Adding support for LoRa

I am using this issue to think through the options of adding support for LoRa.

The first fundamental question is: Can we do this without changing the model code itself? I.e., let's assume we are not allowed to touch convnext.py. How would we proceed?

Ultimately our goal would be to replace (all? some?) tf.keras.layers.Conv2D layers with our new LoraConv2D layers. We could try and do this via monkey patching.

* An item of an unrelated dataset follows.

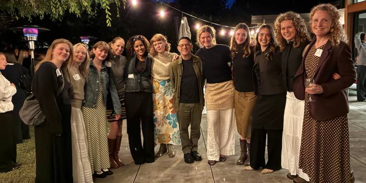 Undervejs på turnéen blev der blandt andet tid til et besøg hos Det Danske GGeneralkonsulat i Silicon Valley, hvor generalkonsul Jacob Vind var vært ved et uformelt netværksarrangement. Her ses et udvalg af korets sangere sammen med komponisten David Lang (i midten) og DR Pigekorets kunstneriske leder Anne Karine Prip (til højre).

Note: All code samples are based on the convnext-tag branch.

import tensorflow as tf
from tfimm.architectures import convnext

class LoraConv2D(tf.keras.layers.Conv2D):
    ...

def main():
    cls, cfg = convnext.convnext_atto()

    # Monkey-patching conv layer
    old_conv_layer = convnext.tf.keras.layers.Conv2D
    convnext.tf.keras.layers.Conv2D = LoraConv2D

    model = cls(cfg=cfg)
    model(model.dummy_inputs)

    # Reversing changes. This would become a context manager of course.
    convnext.tf.keras.layers.Conv2D = old_conv_layer

    # stem[0] is the first convolutional layer in the stem
    print(type(model.stem[0]))

if __name__ == "__main__":
    main()

This works, but it has some drawbacks:

We have no layer-wise control. We can either swap all layers from Conv2D to LoraConv2D or none. And all layers will use the same parameters, i.e., we cannot use different values for r for queries, keys and values (in a transformer, not applicable here).
We can't be sure that we reach all Conv2D layers. By default this only affects code in convnext.py itself. In fact, most convolutional layers in ConvNeXt are implemented as part of MLP layers in tfimm/layers/transformers.py. This is surmountable, since we can patch Conv2D in all files belonging to tfimm. Implemented as a central context manager the complexity is manageable. It would be a problem, if we were to rely on external code for layers/blocks, but that is not the case at the moment.

We would like to achieve layer-wise control, i.e., swap only some layers, but not others. We could do that by specifying layers to be swapped by their names.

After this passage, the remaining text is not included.